Пожалуй, экологическая катастрофа в Олешках, спровоцированная Россией (и не только взрывом, но и самим вторжением, поставившим ГЭС под удар), — повод сформулировать наконец главную особенность России, ее, так сказать, специалитет: ее назначение — провоцировать крайне двусмысленные ситуации во внутренней политике, зато во внешней доводить все, к чему она прикасается, до полной этической однозначности.

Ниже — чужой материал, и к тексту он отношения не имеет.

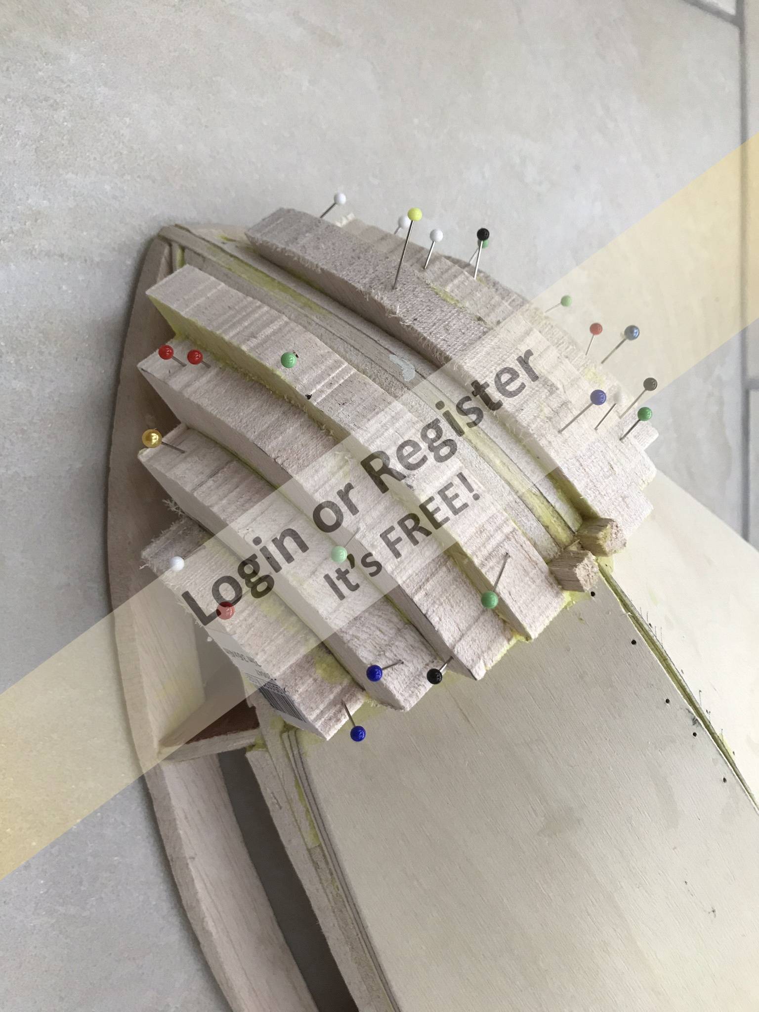 The plans are a bit fragile now, but were still good enough to make some templates from old cereal boxes (and any other thin cardboard box that was being thrown away for recycling at the time!). I drew around these templates to make the keel and bulkheads from birch plywood and cut them out on a bandsaw. Everything was then assembled using aliphatic glue. ▲
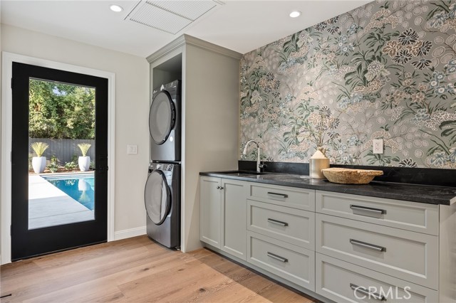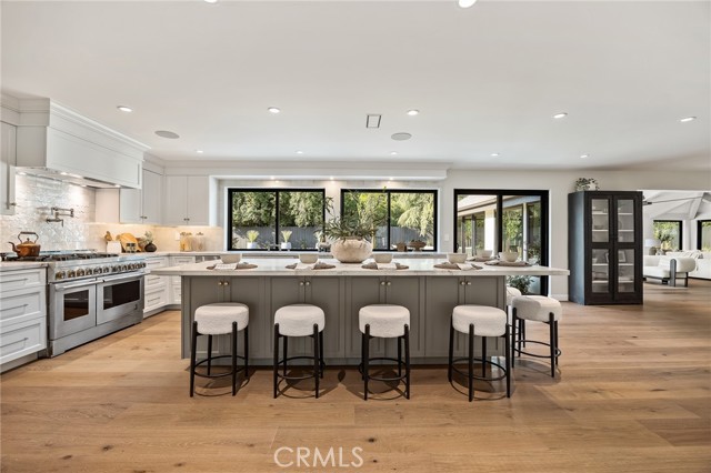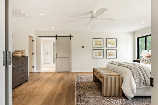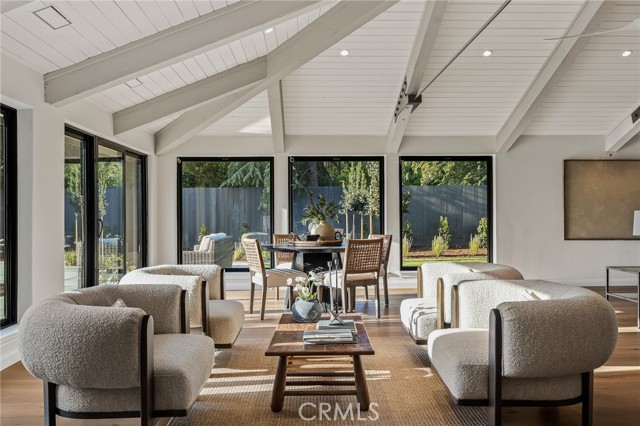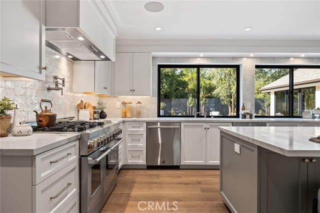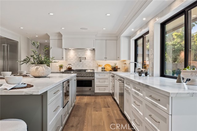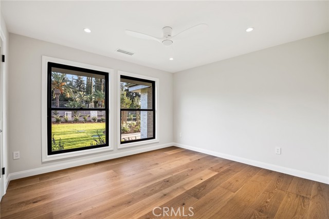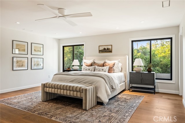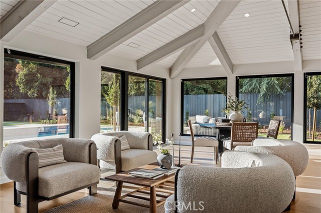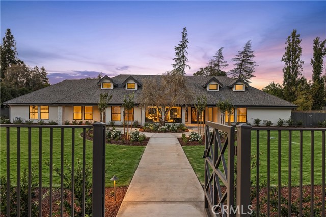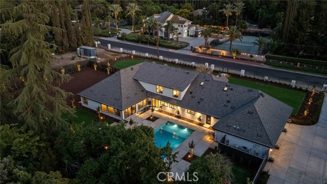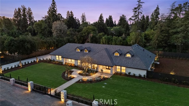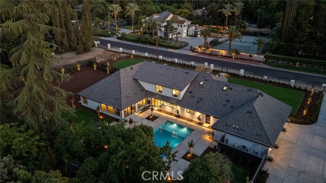 Behind elegant gates in the prestigious Van Ness corridor lies an extraordinary estate that redefines sophisticated living on a perfectly sized .88-acre lot that's oversized yet not overwhelming. This meticulously crafted residence delivers discerning buyers who value their time the ultimate in turn-key luxury living, eliminating the stress of remodeling or building a custom home. No detail has been overlooked in this architectural symphony, featuring six exquisite bedrooms including a convenient main-floor guest suite that ensures comfort for visitors and multi-generational living alike. Striking black fiberglass Andersen windows punctuate the refined acrylic stucco exterior enhanced with distinctive brick and stone accents, while wide-plank French oak floors flow throughout sophisticated living spaces bathed in amazing natural light throughout all seasons. The living room features a stunning Heat-N-Glo 72-inch linear fireplace as its centerpiece. The gourmet kitchen stands as a culinary masterpiece with Jenn-Air professional appliances including column refrigerator and freezer, drawer microwave, dual dishwashers, and impressive 48-inch range with griddle functionality. Quartzite and soapstone countertops provide both beauty and durability. Climate control reaches new efficiency heights with state-of-the-art Lennox variable speed, whisper-quiet heat pump system, complemented by dual Navien tankless water heaters featuring recirculating pumps. The home features R-49 attic insulation plus insulated roof deck, creating exceptional comfort while significantly reducing cost of living through superior energy efficiency. Three strategically placed laundry facilities, including upstairs Bosch heat pump washer and dryer positioned within the primary suite's luggage room, elevate convenience. The isolated primary bedroom with private loft creates an impressive nearly 1,300 square foot sanctuary. The primary bathroom features dual commodes with Kohler tankless bidet toilets. Step outside to discover a pristine Pebble pool with protective cover, surrounded by landscape design crafted by renowned landscape architect Bob Truxell. The generous lot opens remarkable opportunities for personalization, whether envisioning private orchard, concealed ground-mount solar, or potential shop and accessory dwelling unit development. A separate gated entrance provides secure recreational vehicle storage. This is luxury living redefined.

Внутри России господствует этическая установка на абсолютный географический детерминизм: родину не выбирают, родина у нас одна, родина нам как мать (хотя и ведет себя как самая жестокая мачеха); ради родины можно преступить закон, не говоря уж о личном благополучии; родина выше истины. Родина на каждом шагу нарушает законы Божеские и человеческие, но она противостоит фашизму и оправдывает этим любые свои художества на протяжении предыдущих двухсот и последующих ста лет. Государство даже выше, чем родина (как писал один из рецензентов новейшего российского учебника истории работы того самого переговорщика Мединского сотоварищи, цель изучения истории — внушить молодежи, что у нее нет родины, кроме Государства Российского; ну, флаг в руки,). Российское государство плохо, но это единственная форма государства (учитывая нашу огромную территорию, промежуточное географическое положение и суровый климат), которая гарантирует нам наличие родины и ее функционирование; мы можем только так и никак иначе, любые изменения подрывают наш суверенитет, то есть право делать все, что мы хотим. Таким образом, любое действие, направленное на улучшение родины, автоматически приводит к ее погибели, и в силу этого Россия всегда скорбит по своим лучшим людям — и с фанатическим упорством уничтожает их, чтобы окончательно присвоить посмертно. В этом и заключается главная двусмысленность: любой освободитель есть по определению губитель, любой закрепоститель по определению благодетель, и потому Россия до сих пор не в силах сформулировать свое отношение к декабризму и Ленину, а также распроститься со Сталиным.